Growth Niche
In some ways, Smith’s divorce specialization is no accident. “I’m sure Sigmund Freud would’ve had a field day with it,” she says. “I come from a long line of divorces in my family. My folks got divorced when I was 3. My great-grandmother got divorced in the ’50s. I’ve been divorced twice. The client base that was attracted to me early in my career were women, and I ended up with a disproportionate share of divorced clients. I had a divorce lawyer as a client who’s now one of the top divorce lawyers in the country. It was this confluence of things that got me set out in specializing in this.”

Smith notes that divorce is a $50 billion industry, and that much of her practice involves handling the highest-net-worth divorces in New York, Connecticut and California. “My number one referral source are top divorce lawyers nationwide,” she says. “I do a ton of speaking at the symposiums and conferences for the American Academy of Matrimonial Lawyers, and I get a lot of referrals from my speaking engagements or client referrals.”

Smith says a lot of people tell her they want to do what she does in the divorce field.
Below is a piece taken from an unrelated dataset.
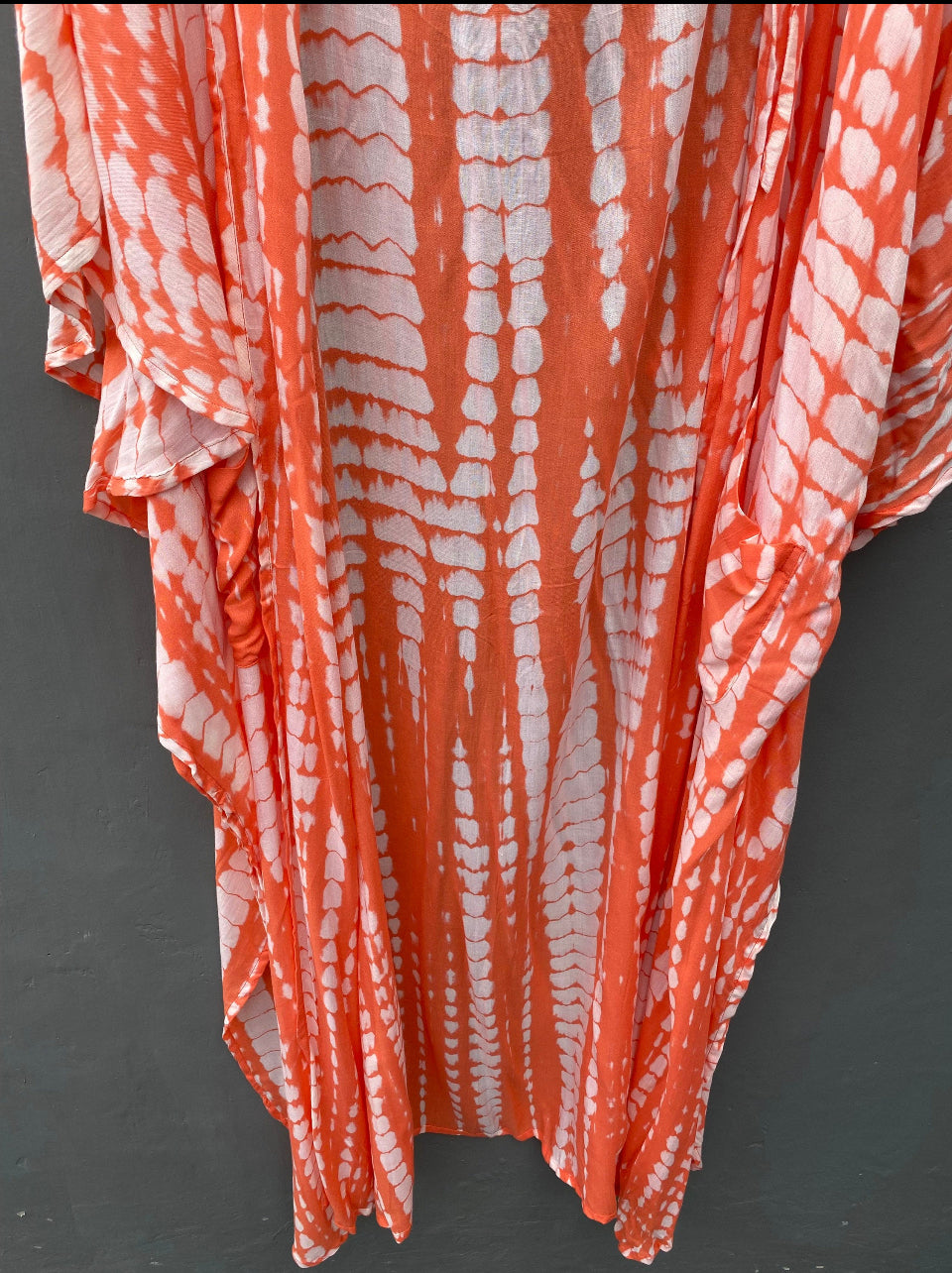 This hooded poncho is made out from soft and light rayon . You can also wrap the sleeves around your neck and wear it as scarf or bathing suit cover up.

She sets them straight on the realities of serving this segment. “It’s a growth niche business, but you’ve got to be comfortable with rage, conflict, with people fighting in your office; with not being able to control a lot of pieces of the process with the work changing quickly; with court deadlines; with being able to sit in settlement negotiations with both lawyers. I sometimes really have to be careful to not take it home with me after a long day of divorce meetings.
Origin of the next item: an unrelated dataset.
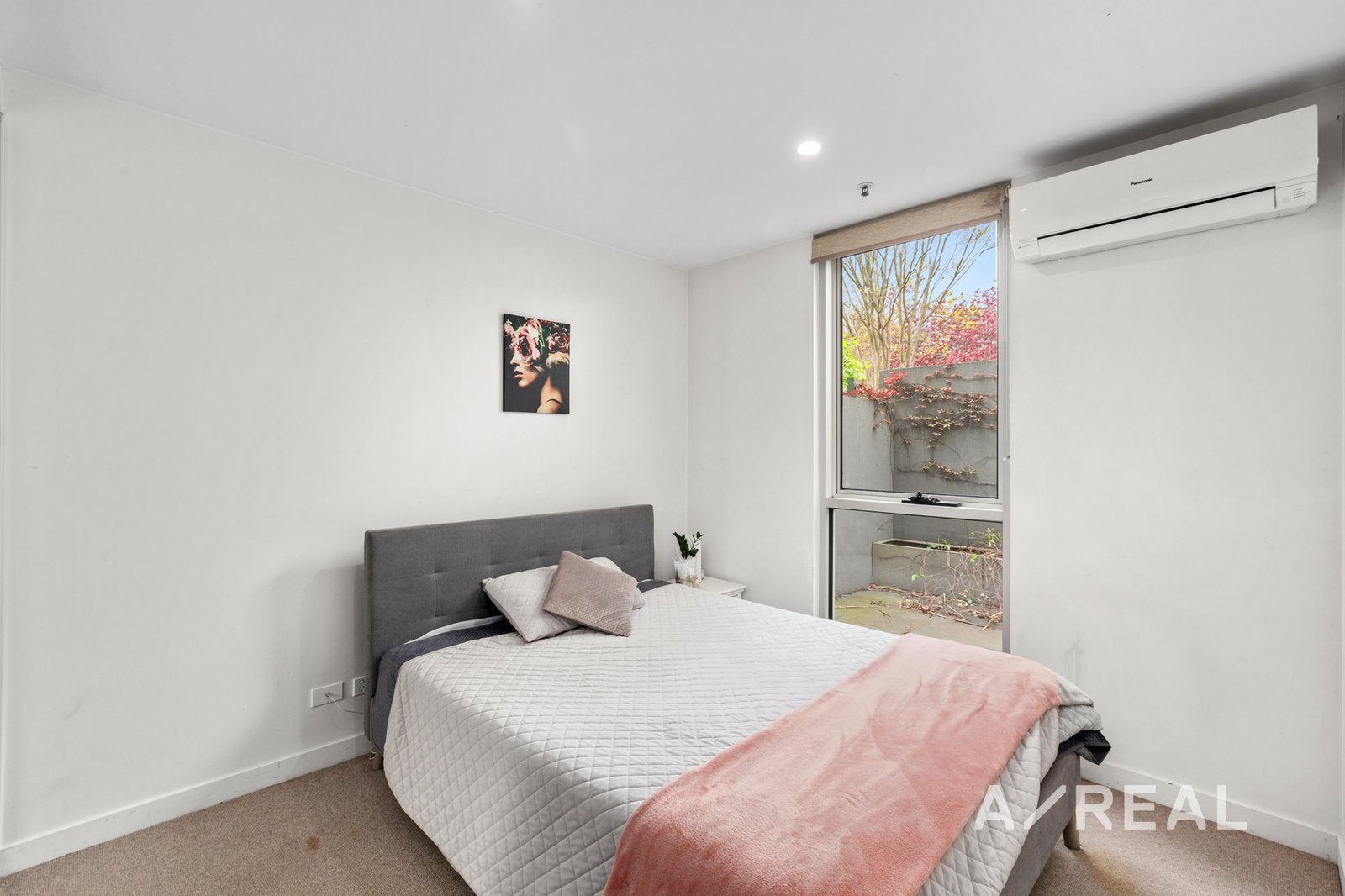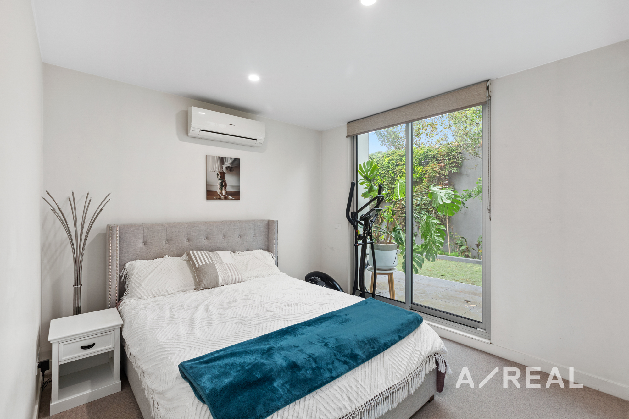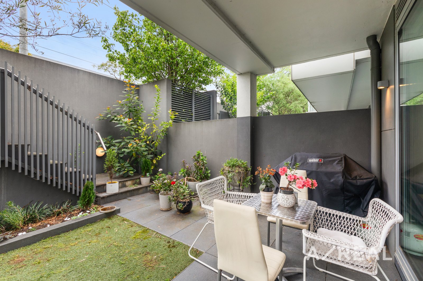 Stone-topped kitchen benches, soft close cabinetry, an under-mount sink and stainless steel gas appliances indicate a commitment to quality in a kitchen and open-plan meals/living that flows outdoors to a partly paved and partly undercover garden which more than doubles the amount of available living space. Accessed both privately and via secure video entry on Violet Grove, the apartment also features a private master bedroom ensuite, secure basement parking, as well as elevator access, mirrored robes in each bedroom and split system heating/cooling.

“It can be hard, but I have a really good skill set for it because I’m a natural mediator,” she continues. “You see people at their worst. People share very personal stuff with me they probably haven’t shared with other people. If I didn’t have the personality and skill set that I have to deal with this, I wouldn’t be good at it no matter how good a business opportunity it is.”

When she decided to focus on this niche, Smith set out to study it closely. Speaking at a Financial Advisor/Private Wealth Family Office conference in late September, she recalled how she would often take Fridays off to attend divorce proceedings to glean what types of testimony and fact patterns exerted the greatest influence over ultimate outcomes. In many cases, the key asset would be a privately held family business and the key witnesses would be valuation experts who were often CPAs.

As witnesses, these professionals were often dry and boring. Smith told conference attendees of various efforts the attorneys would employ to reinforce their testimony in the judge’s mind. Once she saw an attorney pick up his briefcase, hold it over his head, and drop it on the floor to wake the snoring judge out of his slumber.

Today, she’s aided in her divorce practice by a team of four, including an attorney, who work closely with divorce attorneys; help with the forensic accounting of divorce in tracing expenses, bank accounts and funds; and deal with alimony, child support and other separations of assets. They can be hired by one party or both parties. Smith is also a certified divorce mediator and regularly does mediation so people don’t have to go to court.

In essence, this support staff is doing the divorce work at the time of the divorce, while Smith and Jaclyn Cerbone, assistant vice president of wealth management, do the post-divorce wealth management.